Reviewed by Alex SmithApr 12 2022
Polystyrene, a variety of plastic that contributes to a third of global landfill waste, is widely used to make numerous products, such as Styrofoam egg cartons, red drinking cups and hard plastic compact disk cases.
In terms of plastic production and end-of-life waste streams, we are on the road to an unsustainable future.
Erin Stache, Assistant Professor of Chemistry and Chemical Biology, College of Arts and Sciences, Cornell University
But there is a positive update: Stache has found a new solution for polystyrene waste — upcycling it into benzoic acid, a chemical having extensive commercial demand, via a gentle process that uses light, an oxygen-abundant surrounding, and a rich iron-based catalyst. The reaction can also occur in a sunny window.
The study was published in the March 23rd issue of the Journal of the American Chemical Society. The study’s lead author is doctoral candidate Sewon Oh.
In agreement with her lab’s mission to handle environmental issues through fascinating chemistry, the new process is gentle, climate-friendly and scalable to commercial waste streams, Stache explained. It efficiently creates benzoic acid, a product commonly found in high school and undergraduate chemistry labs and also used in food preservatives, fragrances and other common products.
Furthermore, the process is tolerant of additives found in consumer waste, including dyes, dirt and other kinds of plastics.
Polystyrene (PS) plastics differ extensively in use, form and texture — from light, airy Styrofoam to solid CD cases, and numerous forms in between. All these items are analogous in chemical composition, Stache explained.
The difference is in how they are processed. Polystyrene foam, or Styrofoam, is filled with air, like a meringue, whereas a hard plastic CD case is solid polystyrene.
Erin Stache, Assistant Professor of Chemistry and Chemical Biology, College of Arts and Sciences, Cornell University
At the atomic level, polymers (plastics) are made up of hundreds of small molecules known as monomers arranged into long molecular chains via complex processes, Stache stated. Breaking down a polymer can likewise be complicated.
The scientists discovered that enhanced conditions need a PS sample in acetone exposed to LED light in an oxygen-abundant surrounding, using an iron chloride catalyst for 20 hours. In the enhanced process, PS degraded to 23% benzoic acid. Other products such as smaller plastic molecules can be repurposed in other ways.
During the previous summer, Stache’s lab performed a few degradation experiments in a sunny window; in a region with abundant all-year sunlight, the reaction could be performed outdoors.
“The advantage of using light is you can get exquisite control over the chemical process based on some of the catalysts we’ve developed to harness the white light. If we can use sunlight to drive the process, that’s a win-win,” Stache stated, observing that a number of current polymer recycling methods necessitate heating a polymer for melting and processing, which generally involves fossil fuel.
To verify the tolerance of the process to other materials blended with PS, the scientists used several products, spanning from packaging materials to lids of coffee cups.
They discovered that three products — Styrofoam, a white coffee cup lid and a clear lid — degraded very well.
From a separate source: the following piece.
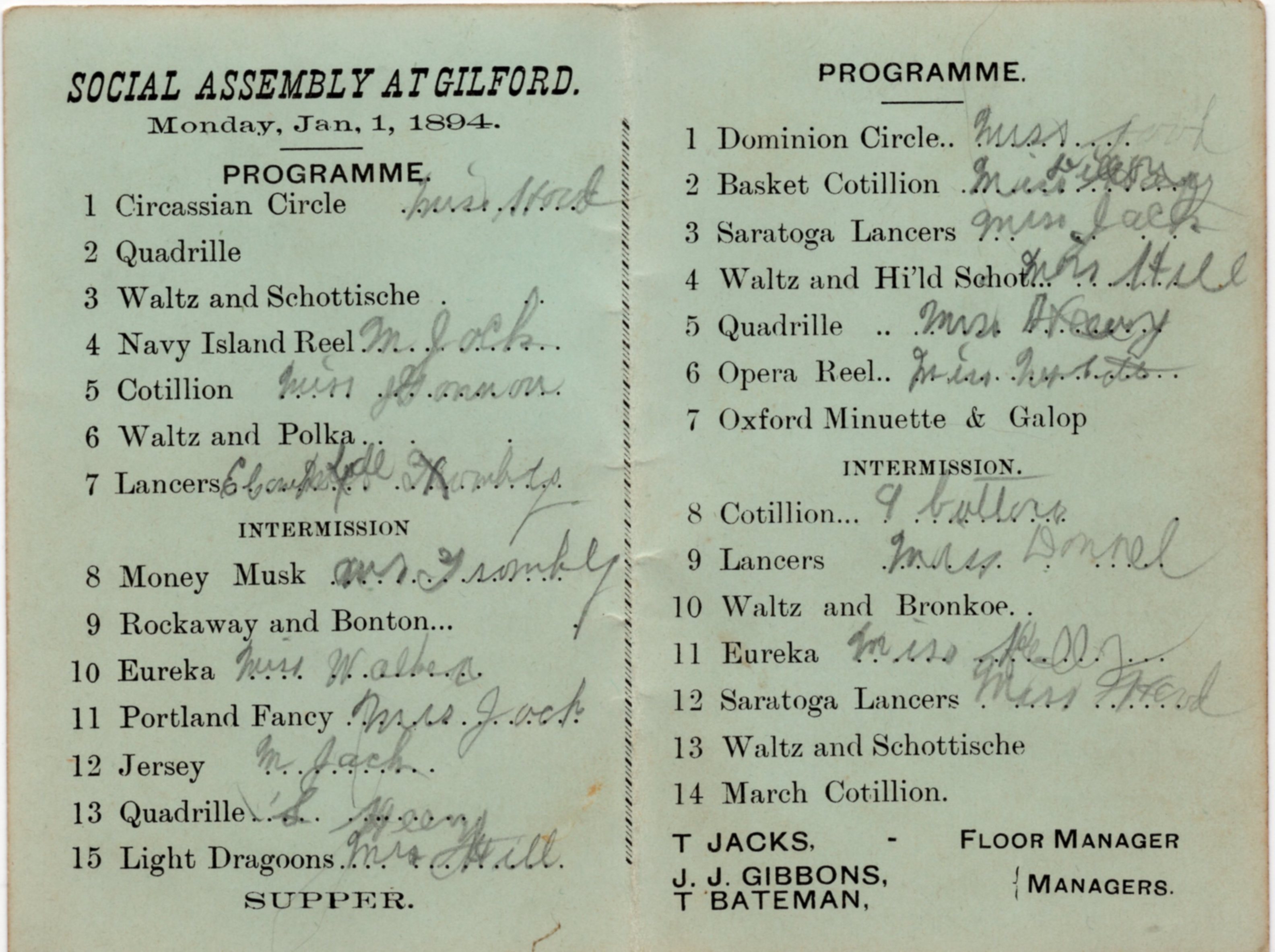 A programme outlining the Social Assembly at Gilford that took place Monday, Jan. 1St, 1984. The programme included seven dances, followed by an intermission, then seven more, followed by supper. The right side has the same order of events but a different combination of dances.

A black coffee cup lid broke down less efficiently, perhaps due to the black dyes inhibiting light penetration, Stache explained.
“These results signify that our system could efficiently break down commercial samples of PS, even with additional composite and insoluble material,” she said.
To show scalability and possible commercial application, the scientists built a setup with two LED lamps and two syringe pumps in a 3D-printed photoreactor. The efficiency of the degradation process at a large scale was akin to that in small batches.
If we can make the process even more efficient, we can think about how to commercialize it and use it to address waste streams.
Erin Stache, Assistant Professor of Chemistry and Chemical Biology, College of Arts and Sciences, Cornell University
The National Science Foundation partly supported this research.
Journal Reference:
Oh, S. & Stache, E. E., (2022) Chemical Upcycling of Commercial Polystyrene via Catalyst-Controlled Photooxidation. Journal of the American Chemical Society. doi.org/10.1021/jacs.2c01411.